**Activity**
Leave the pictures out. Retype exactly the lines below from the one containing "No HYB, a criação" through the one containing "Use your iPhone", and no others.

**Data extracts**
========================================================================
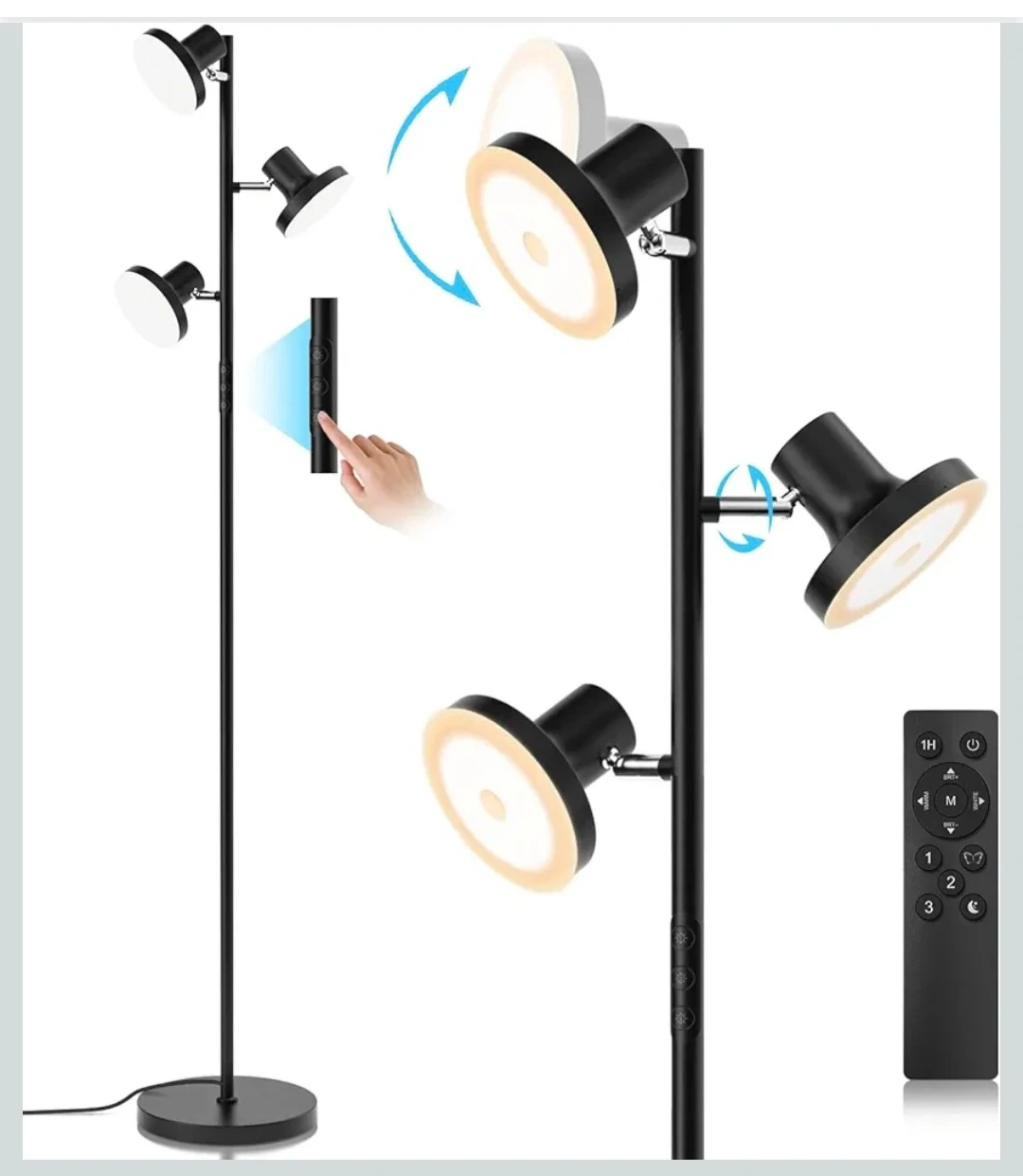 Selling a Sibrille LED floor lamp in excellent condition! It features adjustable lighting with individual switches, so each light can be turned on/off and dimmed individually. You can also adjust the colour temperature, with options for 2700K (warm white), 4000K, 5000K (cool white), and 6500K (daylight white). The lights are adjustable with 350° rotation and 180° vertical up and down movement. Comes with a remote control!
========================================================================
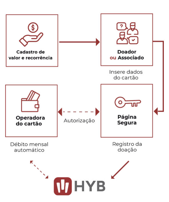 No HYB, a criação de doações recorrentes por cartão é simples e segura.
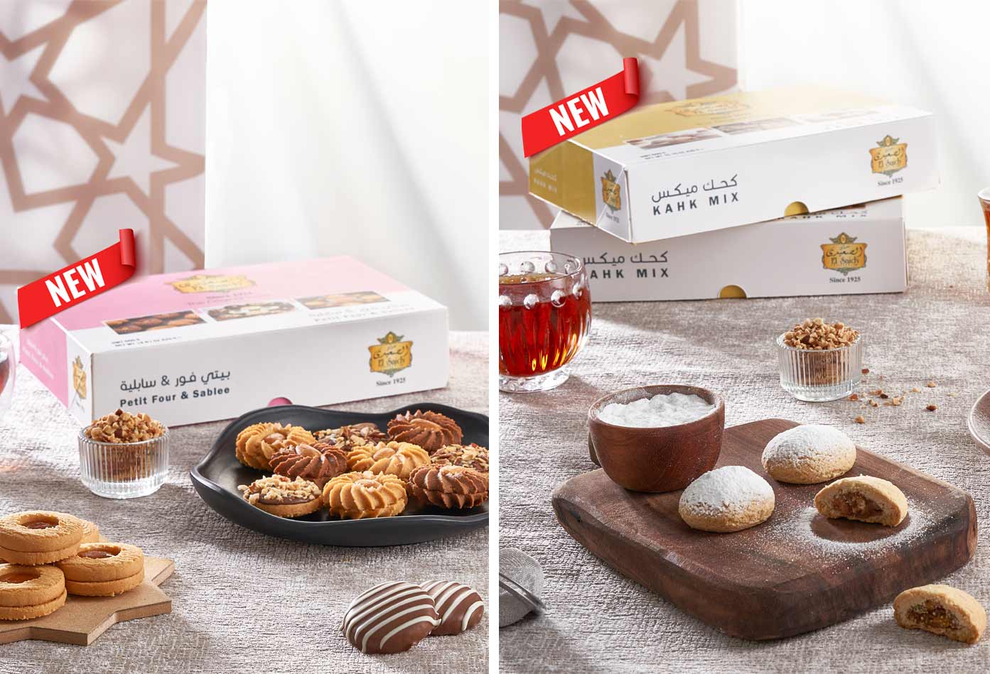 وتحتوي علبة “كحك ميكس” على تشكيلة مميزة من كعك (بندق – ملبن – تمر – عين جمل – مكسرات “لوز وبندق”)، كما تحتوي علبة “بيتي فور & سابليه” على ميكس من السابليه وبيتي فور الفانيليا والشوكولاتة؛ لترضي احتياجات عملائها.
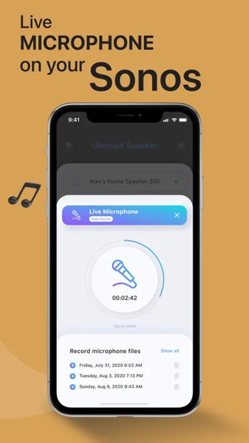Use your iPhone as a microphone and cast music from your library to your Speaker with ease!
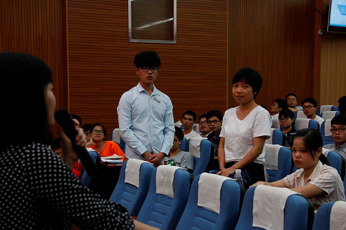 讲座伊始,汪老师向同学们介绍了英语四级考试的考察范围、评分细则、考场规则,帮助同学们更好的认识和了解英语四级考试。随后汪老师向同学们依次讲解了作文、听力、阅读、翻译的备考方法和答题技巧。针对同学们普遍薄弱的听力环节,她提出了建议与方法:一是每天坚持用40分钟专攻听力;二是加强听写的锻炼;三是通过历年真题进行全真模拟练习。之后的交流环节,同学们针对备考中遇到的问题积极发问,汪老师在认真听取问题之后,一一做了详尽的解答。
========================================================================
**Answer to this exercise**
 No HYB, a criação de doações recorrentes por cartão é simples e segura.
 وتحتوي علبة “كحك ميكس” على تشكيلة مميزة من كعك (بندق – ملبن – تمر – عين جمل – مكسرات “لوز وبندق”)، كما تحتوي علبة “بيتي فور & سابليه” على ميكس من السابليه وبيتي فور الفانيليا والشوكولاتة؛ لترضي احتياجات عملائها.
Use your iPhone as a microphone and cast music from your library to your Speaker with ease!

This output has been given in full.